Garota ir ao cinema é uma coisa normal”, canta Erasmo Carlos em Minha Fama de Mau talvez em referência ao hoje extinto Cine Madrid, na Tijuca, Zona Norte do Rio de Janeiro. A música foi criada em 1965 e saiu no álbum A Pescaria, em plena época do Cinema Novo. Ir ao cinema era mais normal do que a sociedade atual de telas móveis e streaming. Era o ponto de encontro da juventude e onde acontecia os aquecimentos da galera antes de irem para as noitadas, se fossem de noitadas. Às vezes, ir ao cinema já era a noitada.

Coisa parecida acontecia em outras salas de cinema, como o Paissandu, no bairro do Flamengo, Zona Sul da cidade.
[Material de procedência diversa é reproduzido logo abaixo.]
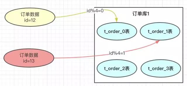 那具体如何路由存储的呢?hash的方案就是对指定的路由key(如:id)对分表总数进行取模,上图中,id=12的订单,对4进行取模,也就是会得到0,那此订单会放到0表中。id=13的订单,取模得到为1,就会放到1表中。为什么对4取模,是因为分表总数是4。

Lembro de ler alguns artigos do Nelson Motta no O Globo sempre enaltecendo o local e seus frequentadores. Ruy Castro também escreveu sobre o lugar, num texto bem bacana. É algo que imagino ser parecido com o Cine Madrid, mas tijucano e voltado para o iê iê iê e não para o que viria se tornar a Bossa Nova:

O Paissandu servia de epicentro para vários pontos. O cinema propriamente dito espalhava-se pelos bares ao lado, o Oklahoma, e seu vizinho, o Cinerama, ambos com mesas na calçada (os dois são hoje irreconhecíveis, e o segundo passou a se chamar Garota do Flamengo). Nas noites de sexta e sábado, que eram o apogeu do Paissandu, a falta de cadeiras nesses botequins condenava os retardatários a um terceiro bar, o Venadense, na esquina da Senador Vergueiro com a Barão do Flamengo — a apenas 50 metros, mas que dava a impressão de ficar para lá de Novosibirsk, na Sibéria. E nem podia haver mesa para todo mundo no epicentro porque, se a Geração Paissandu se compunha de uns mil membros efetivos e outros tantos ocasionais, seu, digamos, universo estético e político representava muito mais gente, que também acorria.

(…)

O estereótipo visual com que a posteridade vestiu aquela geração — calça americana (comprada no Mercadinho Azul, em Copacabana), camisas cáqui ou azuis de marinheiro (disponíveis nos melhores contrabandistas da praça Mauá), sandálias franciscanas, barbas à vontade e cabelos quase compridos — também não é de todo exato. Muitos realmente se vestiam assim, mas havia os de aparência conservadora, com ares de Zona Norte: cabelos curtos, blusão de mangas também curtas e calças da Ducal. As drogas eram raras ou inexistentes (o chope, livre). Em matéria de música, a Geração Paissandu estava mais para Tom e Vinicius, Nara Leão, Sergio Ricardo e, assim que ele surgiu, Chico Buarque. Havia um remoto interesse pelos Beatles e absoluta repulsa ao iê-iê-iê.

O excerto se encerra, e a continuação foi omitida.